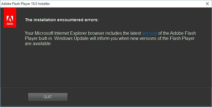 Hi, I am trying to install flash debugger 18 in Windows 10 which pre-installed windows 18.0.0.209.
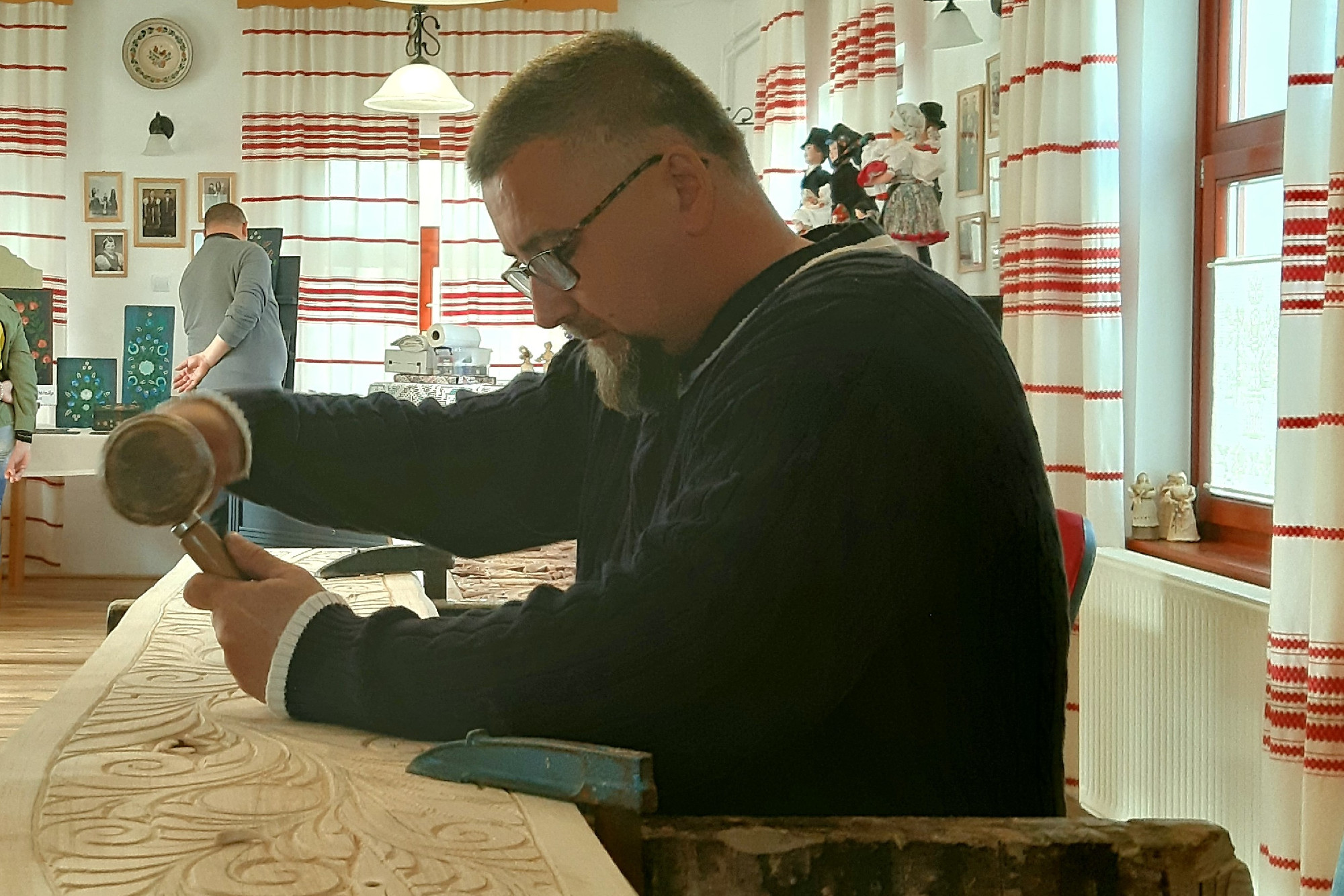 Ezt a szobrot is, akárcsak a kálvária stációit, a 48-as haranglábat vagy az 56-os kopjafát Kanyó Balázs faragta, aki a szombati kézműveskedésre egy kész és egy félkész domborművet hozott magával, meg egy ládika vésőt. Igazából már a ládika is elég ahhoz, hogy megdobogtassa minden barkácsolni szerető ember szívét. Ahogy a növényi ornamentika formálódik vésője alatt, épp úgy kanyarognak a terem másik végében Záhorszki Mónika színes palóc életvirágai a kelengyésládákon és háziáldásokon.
####################
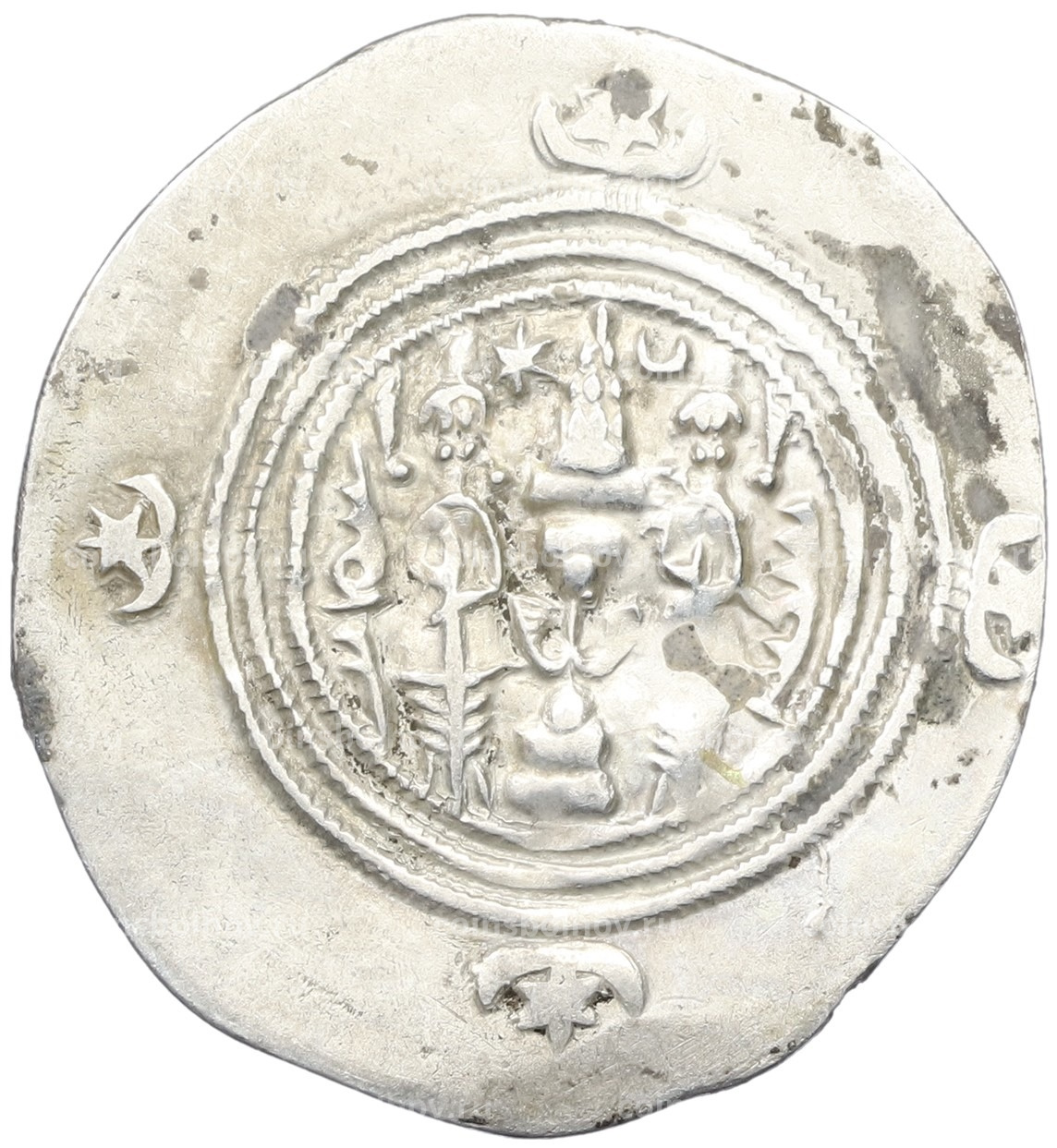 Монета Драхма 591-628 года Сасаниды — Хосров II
####################
TASK: Repeat exactly, and only, the entries from the line with "Hi, I am trying" through the line with "Ezt a szobrot". Pictures are skipped.

ANSWER TO THE PROBLEM:
 Hi, I am trying to install flash debugger 18 in Windows 10 which pre-installed windows 18.0.0.209.
 Ezt a szobrot is, akárcsak a kálvária stációit, a 48-as haranglábat vagy az 56-os kopjafát Kanyó Balázs faragta, aki a szombati kézműveskedésre egy kész és egy félkész domborművet hozott magával, meg egy ládika vésőt. Igazából már a ládika is elég ahhoz, hogy megdobogtassa minden barkácsolni szerető ember szívét. Ahogy a növényi ornamentika formálódik vésője alatt, épp úgy kanyarognak a terem másik végében Záhorszki Mónika színes palóc életvirágai a kelengyésládákon és háziáldásokon.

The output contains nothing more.